_Recorded information_:
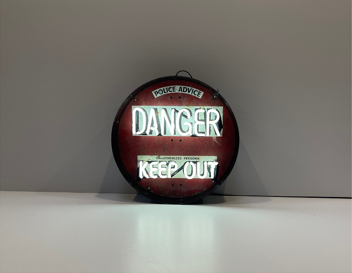 Danger keep out neon on vintage steel sign mounted within a circular backing tray
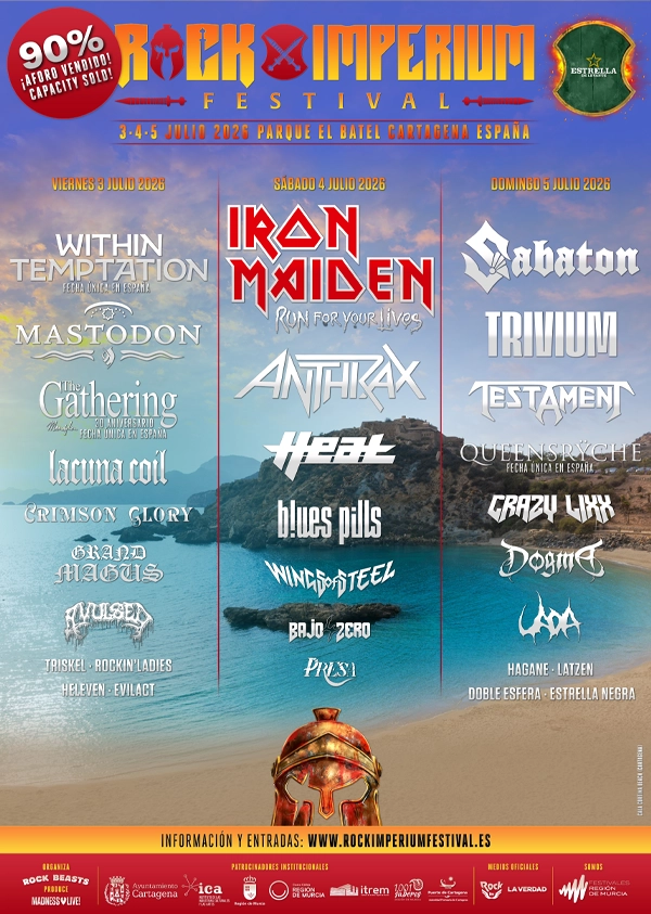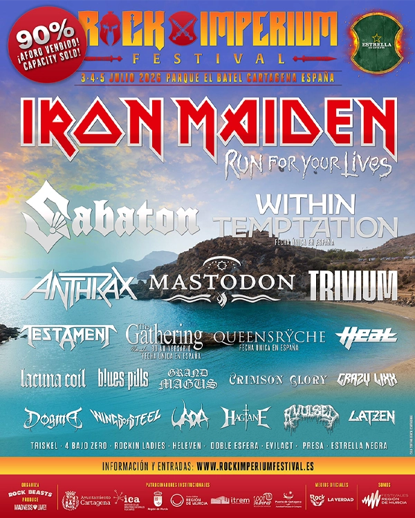 Uno de los festivales más importantes y atractivos de la inminente nueva temporada de grandes eventos de rock y metal en nuestro país, Rock Imperium Festival, nos confirma la venta del 90% del aforo de cara a la edición de 2026, en la que Within Temptation, Iron Maiden y Sabaton lideran, respectivamente, las intensas jornadas del 3, 4 y 5 de julio, que se desarrollarán en el Parque El Batel de Cartagena. Quedan entradas a la venta en este enlace.
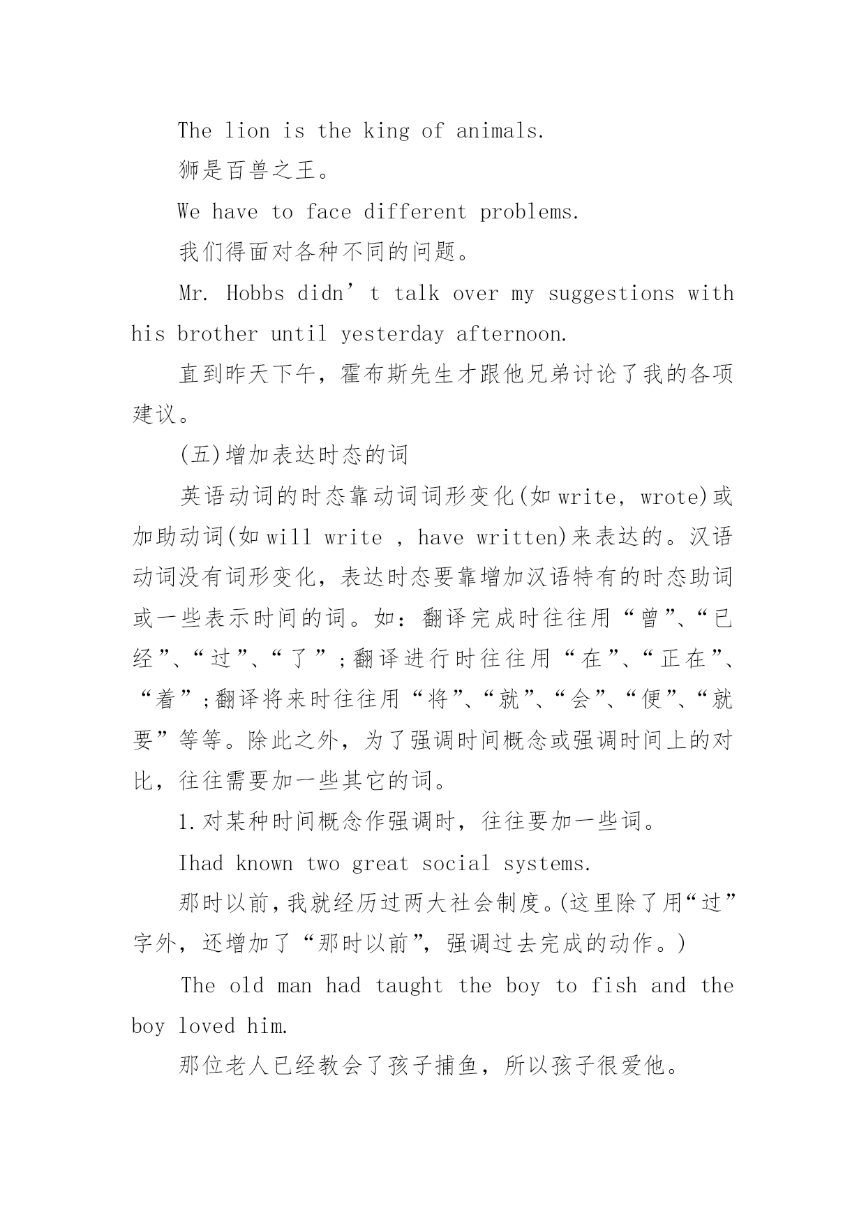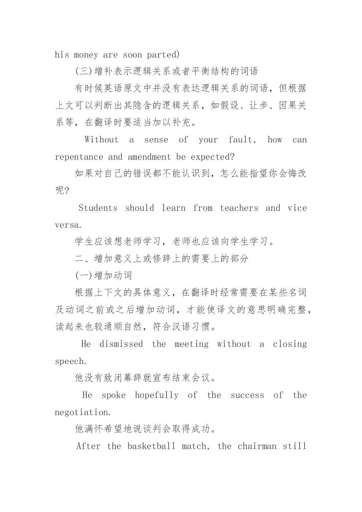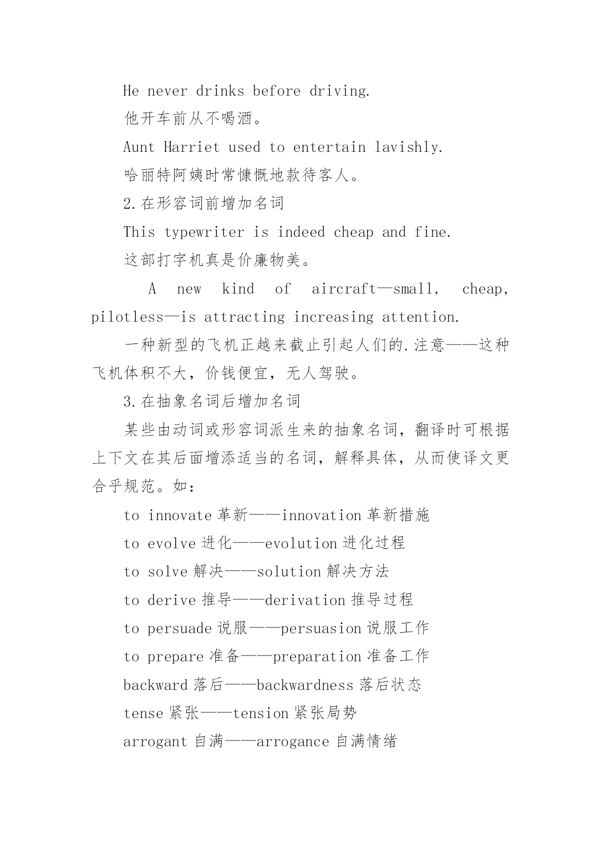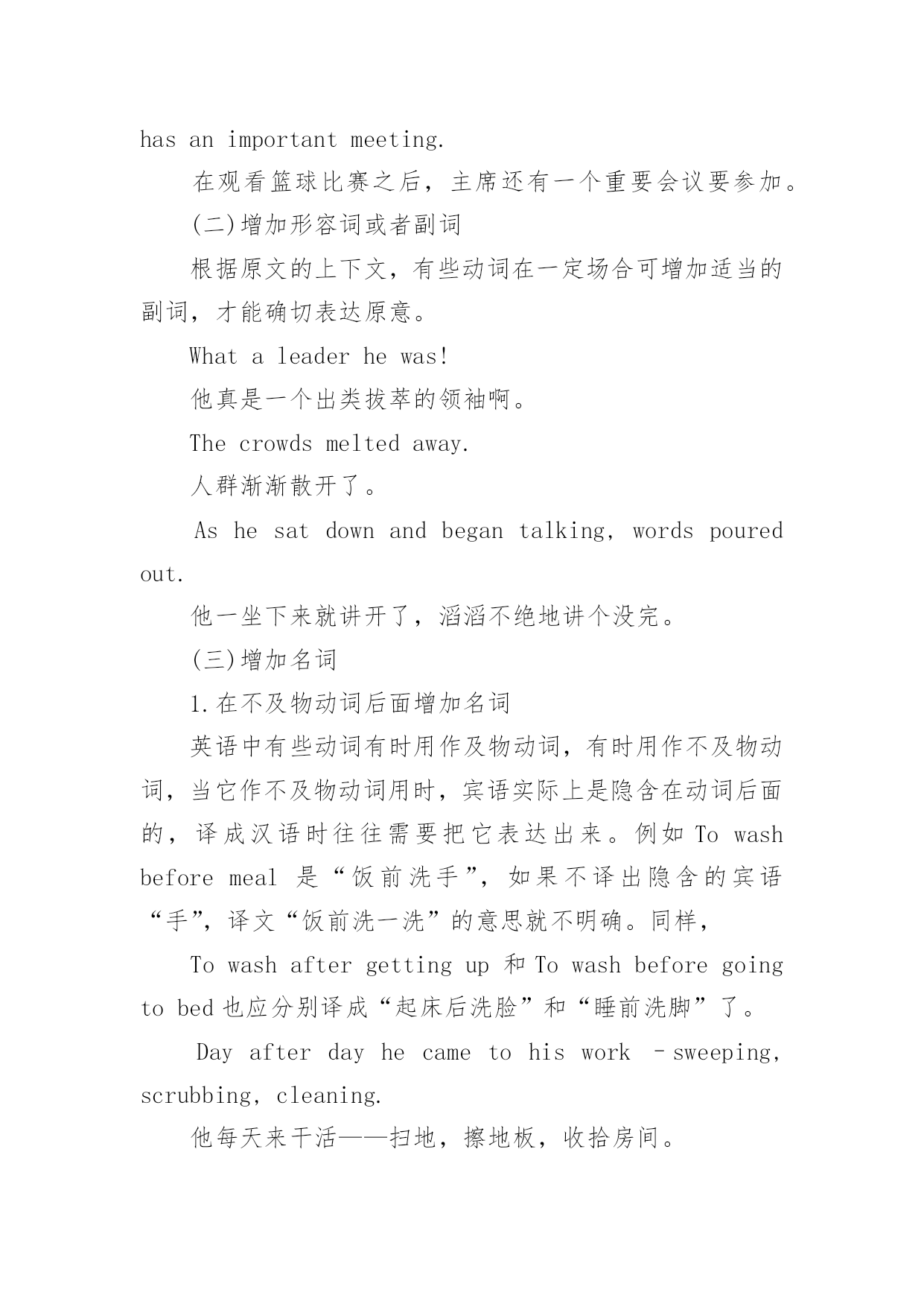英语翻译技巧英语翻译技巧总结在一个时期、一个年度、一个阶段对学习和工作生活等情况加以回顾和分析的一种书面材料,它可以使我们更有效率,让我们来为自己写一份总结吧。那么总结要注意有什么内容呢?下面是小编精心整理的英语翻译技巧,仅供参考,大家一起来看看吧。英语翻译技巧1一、增加原文中省略的部分(一)增补回答句中省略的词语Doyoulikesport?Yes,Ido.你喜欢体育运动吗?是的,我喜欢体育运动。Areyoutired?Notvery.你累了吗?不太累。(二)增补并列结构中省略的词语Wedon’tretreat,weneverhaveandneverwill。我们不后退,我们从没有后退过,将来也决不后退。(weneverhaveandneverwill=weneverhaveretreatedandneverwillretreat)Afoolandhiswordsaresoonparted;amanofgeniusandhismoney.愚人会很快忘记说过的话,智者会很快放弃手里的钱。(amanofgeniusandhismoney=amanofgeniusandhismoneyaresoonparted)(三)增补表示逻辑关系或者平衡结构的词语有时候英语原文中并没有表达逻辑关系的词语,但根据上文可以判断出其隐含的逻辑关系,如假设、让步、因果关系等,在翻译时要适当加以补充。Withoutasenseofyourfault,howcanrepentanceandamendmentbeexpected?如果对自己的错误都不能认识到,怎么能指望你会悔改呢?Studentsshouldlearnfromteachersandviceversa.学生应该想老师学习,老师也应该向学生学习。二、增加意义上或修辞上的需要上的部分(一)增加动词根据上下文的具体意义,在翻译时经常需要在某些名词及动词之前或之后增加动词,才能使译文的意思明确完整,读起来也较通顺自然,符合汉语习惯。Hedismissedthemeetingwithoutaclosingspeech.他没有致闭幕辞就宣布结束会议。Hespokehopefullyofthesuccessofthenegotiation.他满怀希望地说谈判会取得成功。Afterthebasketballmatch,thechairmanstillhasanimportantmeeting.在观看篮球比赛之后,主席还有一个重要会议要参加。(二)增加形容词或者副词根据原文的上下文,有些动词在一定场合可增加适当的副词,才能确切表达原意。Whataleaderhewas!他真是一个出类拔萃的领袖啊。Thecrowdsmeltedaway.人群渐渐散开了。Ashesatdownandbegantalking,wordspouredout.他一坐下来就讲开了,滔滔不绝地讲个没完。(三)增加名词1.在不及物动词后面增加名词英语中有些动词有时用作及物动词,有时用作不及物动词,当它作不及物动词用时,宾语实际上是隐含在动词后面的,译成汉语时往往需要把它表达出来。例如Towashbeforemeal是“饭前洗手”,如果不译出隐含的宾语“手”,译文“饭前洗一洗”的意思就不明确。同样,Towashaftergettingup和Towashbeforegoingtobed也应分别译成“起床后洗脸”和“睡前洗脚”了。Dayafterdayhecametohiswork–sweeping,scrubbing,cleaning.他每天来干活——扫地,擦地板,收拾房间。Heneverdrinksbeforedriving.他开车前从不喝酒。AuntHarrietusedtoentertainlavishly.哈丽特阿姨时常慷慨地款待客人。2.在形容词前增加名词Thistypewriterisindeedcheapandfine.这部打字机真是价廉物美。Anewkindofaircraft—small,cheap,pilotless—isattractingincreasingattention.一种新型的飞机正越来截止引起人们的.注意——这种飞机体积不大,价钱便宜,无人驾驶。3.在抽象名词后增加名词某些由动词或形容词派生来的抽象名词,翻译时可根据上下文在其后面增添适当的名词,解释具体,从而使译文更合乎规范。如:toinnovate革新——innovation革新措施toevolve进化——evolution进化过程tosolve解决——solution解决方法toderive推导——derivation推导过程topersuade说服——persuasion说服工作toprepare准备——preparation准备工作backwar

_Task statement_: Leave out the pictures and repeat exactly the lines from the start of the material through the line that contains "Uno de los festivales", both included.

_Your response_:
 Danger keep out neon on vintage steel sign mounted within a circular backing tray
 Uno de los festivales más importantes y atractivos de la inminente nueva temporada de grandes eventos de rock y metal en nuestro país, Rock Imperium Festival, nos confirma la venta del 90% del aforo de cara a la edición de 2026, en la que Within Temptation, Iron Maiden y Sabaton lideran, respectivamente, las intensas jornadas del 3, 4 y 5 de julio, que se desarrollarán en el Parque El Batel de Cartagena. Quedan entradas a la venta en este enlace.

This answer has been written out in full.